In some embodiments, reporting includes (7102) displaying at least
one time-stamped image of the workflow and a false color display
indication of the pixel or the pixel group that satisfied the
intensity variation threshold (e.g., an image is modified such that
a lesion whose pigmentation satisfies the intensity variation
threshold is shown in a higher contrast color to surrounding
regions). In some embodiments, reporting includes (7104) storing an
indication of the pixel or the pixel group that, across the first
workflow, satisfied the intensity variation threshold in the
subject data store associated with the first subject in the first
memory location in the computer memory (e.g., of memory 206 of the
data repository 108, FIG. 2).
[0153] In some embodiments, the data repository apparatus retains
an indexable file of observed features to allow for cross
comparisons between spectral, spatial, and temporal characteristics
of observed features on a plurality of subjects. In some
embodiments, the indexable file is used to interrogate and annotate
collated spectral, spatial, of temporal characteristics of observed
features on a plurality of subjects. Furthermore, in some
embodiments, the indexable file is used to correlate unique
spectral, spatial, of temporal characteristics with specific
biologic or non-biologic processes. In some embodiments, the file
also includes a collection of composite structures, their
structural patterns, temporal changes, and/or locations and size of
observed features on subjects (biologic or non-biologic).

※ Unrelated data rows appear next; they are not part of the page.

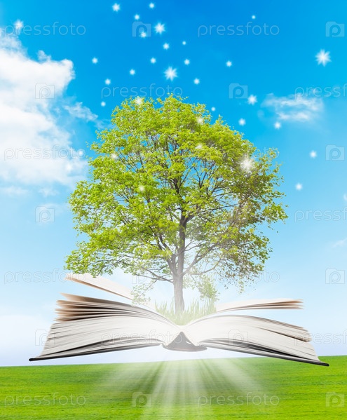 Волшебная книга с зеленым деревом и лучи света на фоне природы. Символ знаний
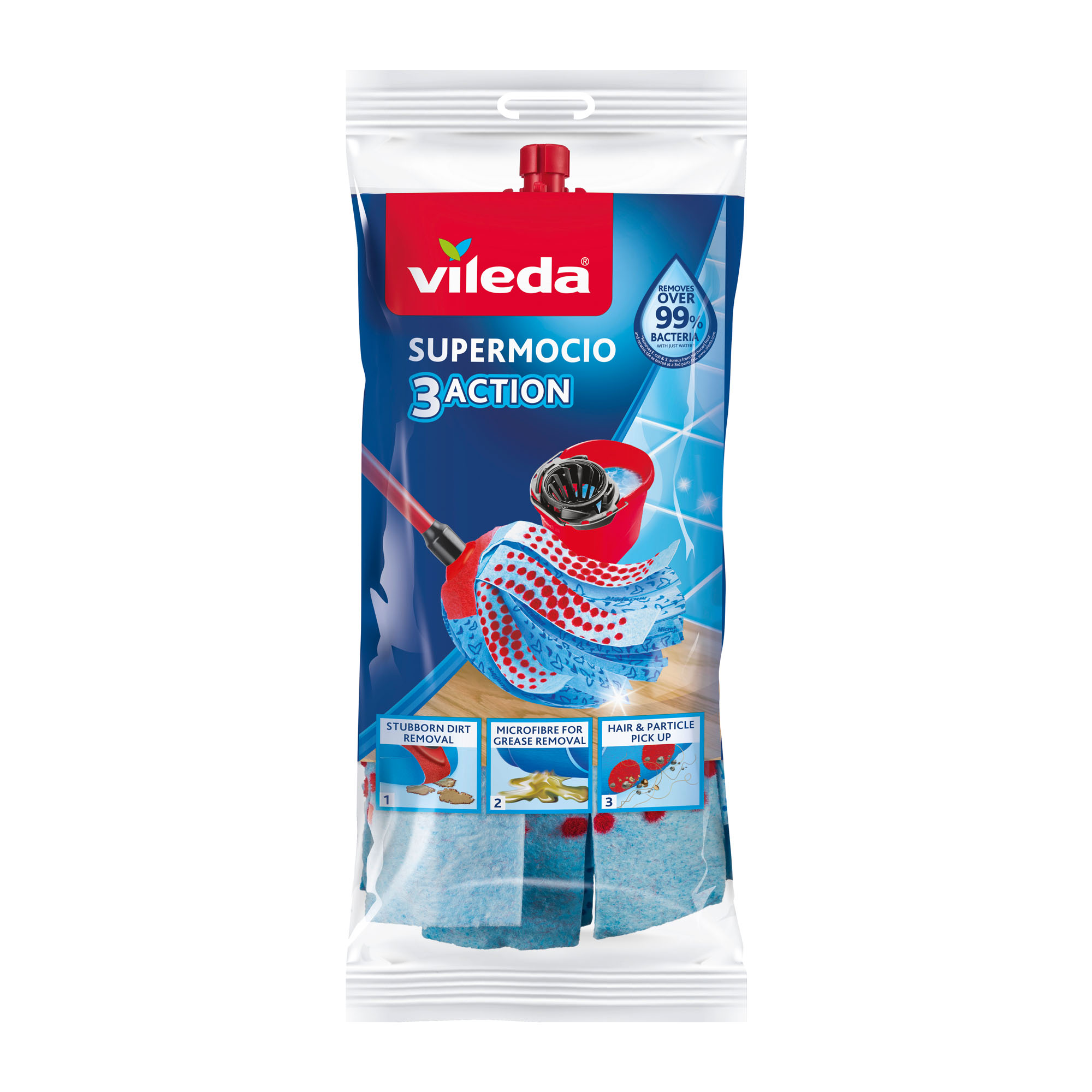 SuperMocio Ricambio 3 Action è il fiocco ancora più efficace contro lo sporco ostinato perchè combina l'azione di 3 diversi materiali pulenti.
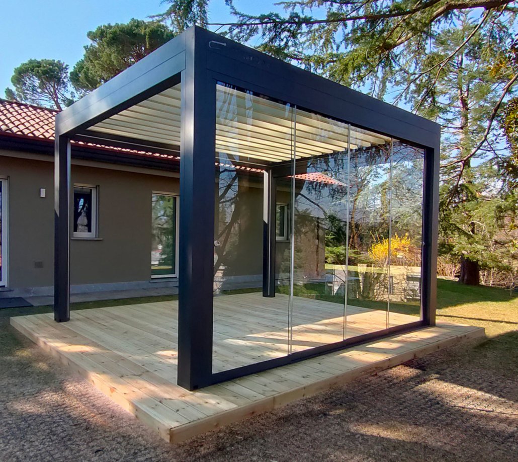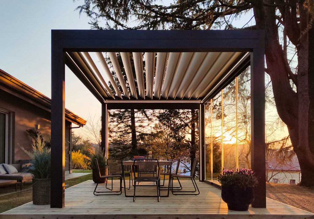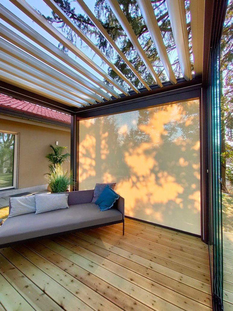 Configurando la pergola con l’aggiunta di vetrate scorrevoli oppure con il sistema di schermatura solare Evo Zip, è possibile completare la protezione anche lungo i lati della struttura, per godere al meglio degli spazi esterni anche nei periodi più freddi dell’anno.
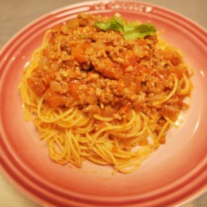 把前面煮好的意面拿出来放入锅内一起炒,炒的时候把肉酱和面均匀混合。

[0154] While some parts of the method 7000 in FIGS. 7A-7J are
described with respect to the first smart phone and/or the second
smart phone (e.g., first and/or second time-stamped images of a
first and/or workflow), any of the embodiments described above may
be analogously applied to each additional device of the
machine-to-machine network.
[0155] Stages of method 7000 described with respect to FIGS. 7A-7J
may be performed additionally and/or alternatively to one another.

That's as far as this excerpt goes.